P.S. I am not allowed to use Maps or Sets... :(
Any help would be awesome.
Sorry, a ranking object contains an array of city names that can be called and an array of rankings (just ints) for each city that can be called. sameNames() is simply testing two ranking objects possess the same cities, getRankofString() has a set name entered, it then checks to see if that name is in the ranking object, if it is, it returns its corresponding rank. Hope that cleared it up
And yeah, cannot use hash anything. We are basically limited to messing around with arrays and arrayLists and stuff.
Let's count the occurrences of each string. It's a bit similar to the counting sort.
Create a hash table t with hashing function f(), where keys are strings and values are integers (initially 0).
Iterate through the first strings, for each string do t[f(string)]++.
Iterate through the second strings, for each string do t[f(string)]++.
Iterate through the non-zero values in t, if all are even - return true. Otherwise - false.
Linear time complexity.
The first method has complexity at least O(n^2), given by 2*O(n*f(n)) + 2*O(n log n) + O(n^2). The O(n log n) is given by the Collections.sort() calls which will also 'destroys your O(n)' complexity as you put it.
Since both array lists are already sorted and of equal length when you try containsAll, that call is equivalent with some sort of equals (first element in one list should be equal to the first element in the second one, etc). You can easily compare the two lists manually (can't think of any build-in function that does this).
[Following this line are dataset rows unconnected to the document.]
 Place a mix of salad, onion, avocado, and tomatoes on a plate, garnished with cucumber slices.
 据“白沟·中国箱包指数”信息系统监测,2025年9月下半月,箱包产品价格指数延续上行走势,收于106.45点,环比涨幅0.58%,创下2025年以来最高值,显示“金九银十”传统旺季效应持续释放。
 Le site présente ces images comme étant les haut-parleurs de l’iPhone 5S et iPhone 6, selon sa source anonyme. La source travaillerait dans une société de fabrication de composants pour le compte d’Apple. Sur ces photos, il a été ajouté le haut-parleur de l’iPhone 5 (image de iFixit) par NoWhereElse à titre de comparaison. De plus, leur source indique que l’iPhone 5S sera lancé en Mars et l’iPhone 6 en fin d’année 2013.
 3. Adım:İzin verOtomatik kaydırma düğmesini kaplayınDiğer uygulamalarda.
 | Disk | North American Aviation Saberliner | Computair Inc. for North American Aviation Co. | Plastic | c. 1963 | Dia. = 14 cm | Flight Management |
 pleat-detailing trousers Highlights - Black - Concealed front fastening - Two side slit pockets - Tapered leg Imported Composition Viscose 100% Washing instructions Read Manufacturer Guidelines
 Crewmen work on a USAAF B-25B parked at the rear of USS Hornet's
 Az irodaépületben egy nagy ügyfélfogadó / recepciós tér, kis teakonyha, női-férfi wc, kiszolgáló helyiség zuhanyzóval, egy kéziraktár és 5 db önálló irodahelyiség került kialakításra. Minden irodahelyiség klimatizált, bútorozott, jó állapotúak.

Hence, the overall complexity of the first piece of code can be reduced to O(n log n), if you can keep the complexity of getStringOfRank() under O(log n) (but that function is not shown in your post).
The second function (which isn't related to the first piece of code) has the complexity O(n log n) as pointed out by your computations. If you already copy, then sort the city array, the binary search is pointless. Don't copy, don't sort, just compare each city in the array, putting the entire complexity of this function to O(n). Alternatively, just keep a sorted copy of the city array and use binary search on that.
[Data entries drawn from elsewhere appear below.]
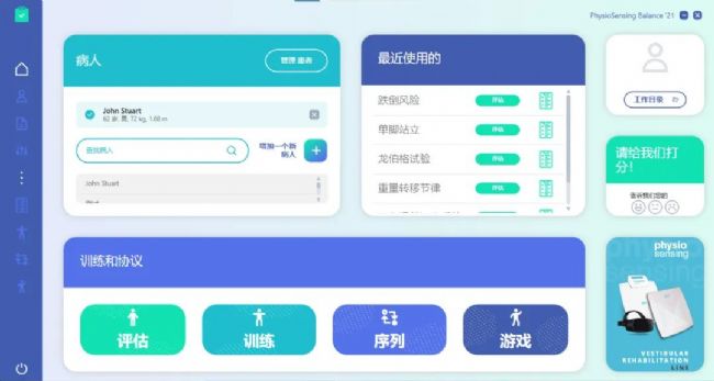 PhysioSensing軟件內(nèi)置多種常用平衡評(píng)估與訓(xùn)練程序,軟件擁有直觀的中文用戶界面,使用簡(jiǎn)單,每一步操作都有提示,即使對(duì)于沒有專業(yè)背景的操作人員也能快速上手。
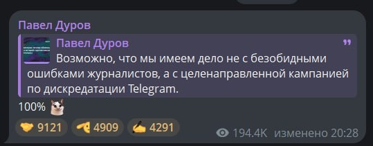 π£ ΠΡ 100% ΠΈΠΌΠ΅Π΅ΠΌ Π΄Π΅Π»ΠΎ Π½Π΅ Ρ Π±Π΅Π·ΠΎΠ±ΠΈΠ΄Π½ΡΠΌΠΈ ΠΎΡΠΈΠ±ΠΊΠ°ΠΌΠΈ ΠΆΡΡΠ½Π°Π»ΠΈΡΡΠΎΠ², Π° Ρ ΡΠ΅Π»Π΅Π½Π°ΠΏΡΠ°Π²Π»Π΅Π½Π½ΠΎΠΉ ΠΊΠ°ΠΌΠΏΠ°Π½ΠΈΠ΅ΠΉ ΠΏΠΎ Π΄ΠΈΡΠΊΡΠ΅Π΄Π°ΡΠ°ΡΠΈΠΈ Telegram, β ΠΡΡΠΎΠ²
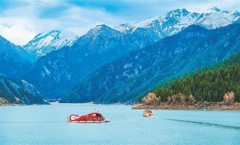 新疆昌吉回族自治州天山天池景区,游客乘环保游船,览湖光山色。目前,天山天池景区已全面进入旅游季。陶维明 摄(中经视觉)

Either way, creating a copy of an array, sorting that copy for each function call is highly ineffective - if you want to call this function inside a loop, like you used getStringOfRank() above, construct the sorted copy before the loop and use it as an argument:
private boolean getRankOfString(String name, Cities[] sortedCities) {
// only binary search code needed here
}
Off-topic:
Based on the second function, you have something like Cities[] city declared in somewhere your code. If it were to follow conventions, it should be more like City[] cities (class name singular, array name should be the one using the plural)
So the first one just needs to compare if the two have the exact same names and nothing else?
How about this
public static boolean compare(List<String> l1, List<String> l2) {
if (l1.size() != l2.size()) return false;
long hash1 = 0;
long hash2 = 0;
for (int i = 0 ; i < l1.size() ; i++) {
hash1 += l1.get(i).hashCode();
hash2 += l2.get(i).hashCode();
}
return hash1 == hash2;
}
In theory, you could get a hash collision I suppose.